Discrepant responses of soil organic carbon dynamics to nitrogen addition in different layers: a case study in an agroecosystem  

作　　者：Hualing HU Liang ZHAO Wenbing TAN Guoan WANG Beidou XI 

机构地区：[1]Technical Centre for Soil,Agriculture and Rural Ecology and Environment,Ministry of Ecology and Environment,Beijing 100012,China [2]State Key Laboratory of Environmental Criteria and Risk Assessment,Chinese Research Academy of Environmental Sciences,Beijing 100012,China [3]College of Resources and Environmental Sciences,China Agricultural University,Beijing 100193,China

出　　处：《Frontiers of Agricultural Science and Engineering》2024年第2期314-325,共12页农业科学与工程前沿（英文版）

基　　金：financially supported by the National Key Research and Development Program of China (2017YFA0605003)。
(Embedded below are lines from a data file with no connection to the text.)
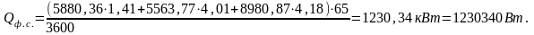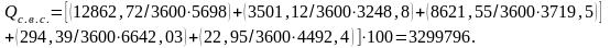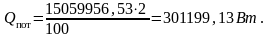 Qпот = 3299796 + 24825119,69 – 26505323 = 1619592,69 Вт;
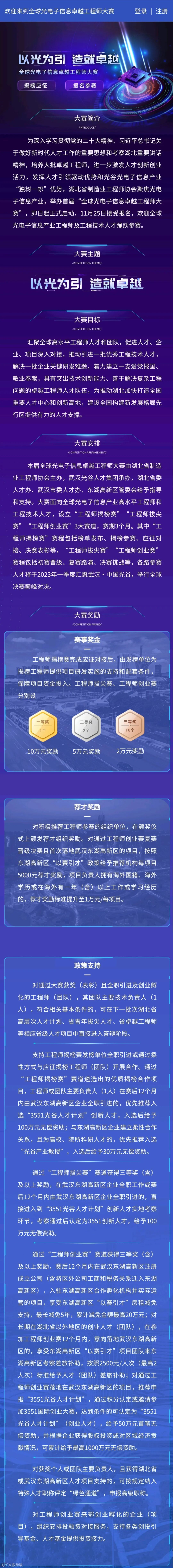 对落地在东湖高新区的获奖人才,光谷给出了诚意满满的支持政策,“工程师揭榜赛”遴选出的人才,根据引进方式优先推荐入选“3551光谷人才计划”创新人才及“光谷产业教授”项目;“工程师拔尖赛”获奖人才可直通“3551光谷人才计划”创新人才,获得100万元资助;“工程师创业赛”获奖人才适用光谷“以赛引才”政策,享受最高20万元房租减免,获得差旅补贴、荐才奖励等支持,符合条件的可认定为“3551光谷人才计划”创业人才,最高给予1000万元资助。
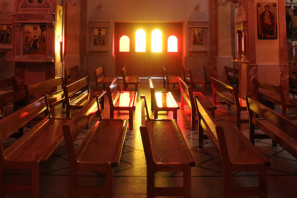 One such is the Synagogue Church, nestled deep in the Souk [local market]. According to custom, this marks the spot of the ancient synagogue where Jesus studied and prayed. It is also where he preached one Sabbath day and declared himself to be the Messiah, only to infuriate his own townspeople.
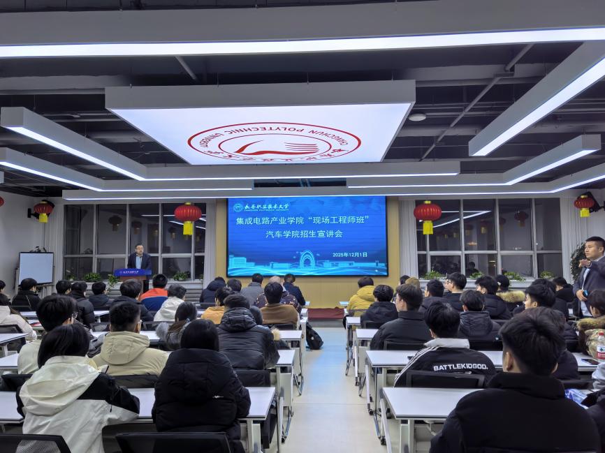 为满足国家及东北地区集成电路产业发展需求,深化产教融合,推进集成电路领域高素质技术技能人才培养,电子信息工程学院联合苏州华兴源创有限公司和上海启芯众创科技技术发展有限公司分别组建芯片测试和模拟版图设计方向订单班,并于2025年12月1日至2日,在汽车学院、信息学院、机电学院开展了企业宣讲活动。
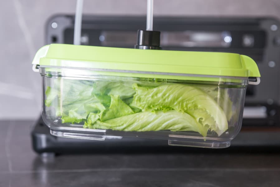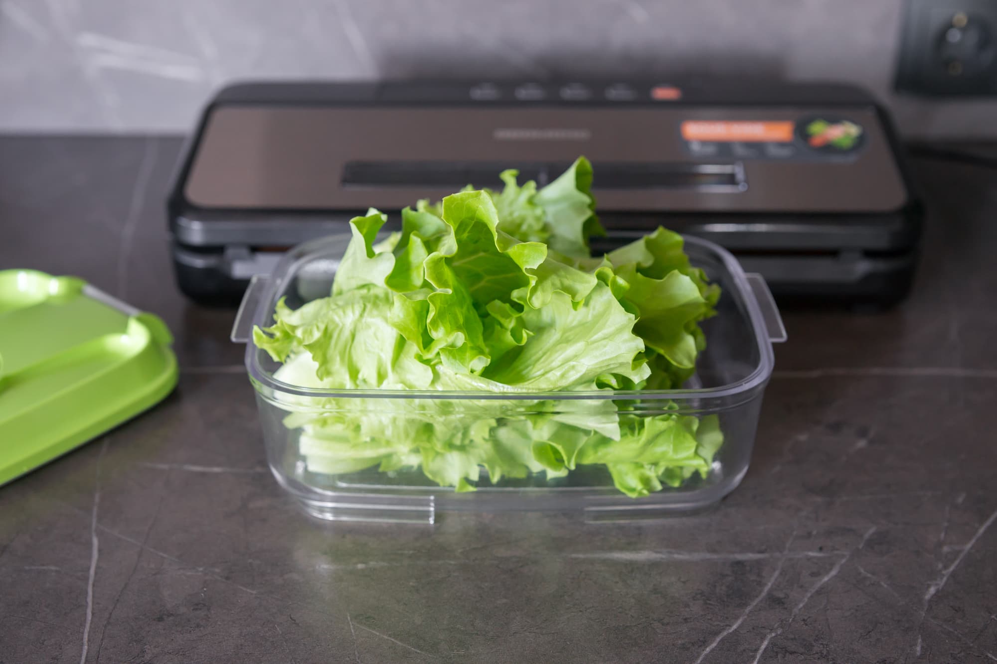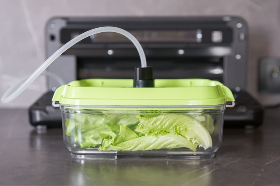 Листья помыли, просушили, сложили в специальный контейнер и завакуумировали при помощи комплектного насоса. Откачка воздуха заняла всего секунд 10. Судя потому, что емкость легко можно было поднять за шланг и крышка ни в какую не открывалась — воздух был удален по максимуму.

摘　　要：Empirical research indicates that heightened soil nitrogen availability can potentially diminish microbial decomposition of soil organic carbon(SOC).Nevertheless, the relationship between SOC turnover response to N addition and soil depth remains unclear. In this study, soils under varying N fertilizer application rates were sampled up to 100 cm deep to examine the contribution of both new and old carbon to SOC across different soil depths,using a coupled carbon and nitrogen isotopic approach. The SOC turnover time for the plot receiving low N addition(250 kg·ha^(-1)·yr^(-1) N) was about 20-40 years. Conversely, the plot receiving high N(450 kg·ha^(-1)·yr^(-1) N) had a longer SOC turnover time than the low N plot, reaching about 100 years in the upper 10-20 cm layer. The rise in SOC over the entire profile with low N addition primarily resulted from an increase in the upper soil(0-40 cm)whereas with high N addition, the increase was mainly from greater SOC in the deeper soil(40-100 cm). Throughout the entire soil layer, the proportion of new organic carbon derived from maize C_4 plant sources was higher in plots treated with a low N rate than those treated with a high N rate. This implies that, in contrast to low N addition agricultural practices, high N addition predominantly enhances the soil potential for fixing SOC by transporting organic matter from surface soils to deeper layers characterized by more stable properties. This research offers a unique insight into the dynamics of deep carbon under increased N deposition, thereby aiding in the formulation of policies for soil carbon management.

关 键 词：^(13)C natural abundance nitrogen addition soil depth organic carbon turnover 

分 类 号：S153.6[农业科学—土壤学]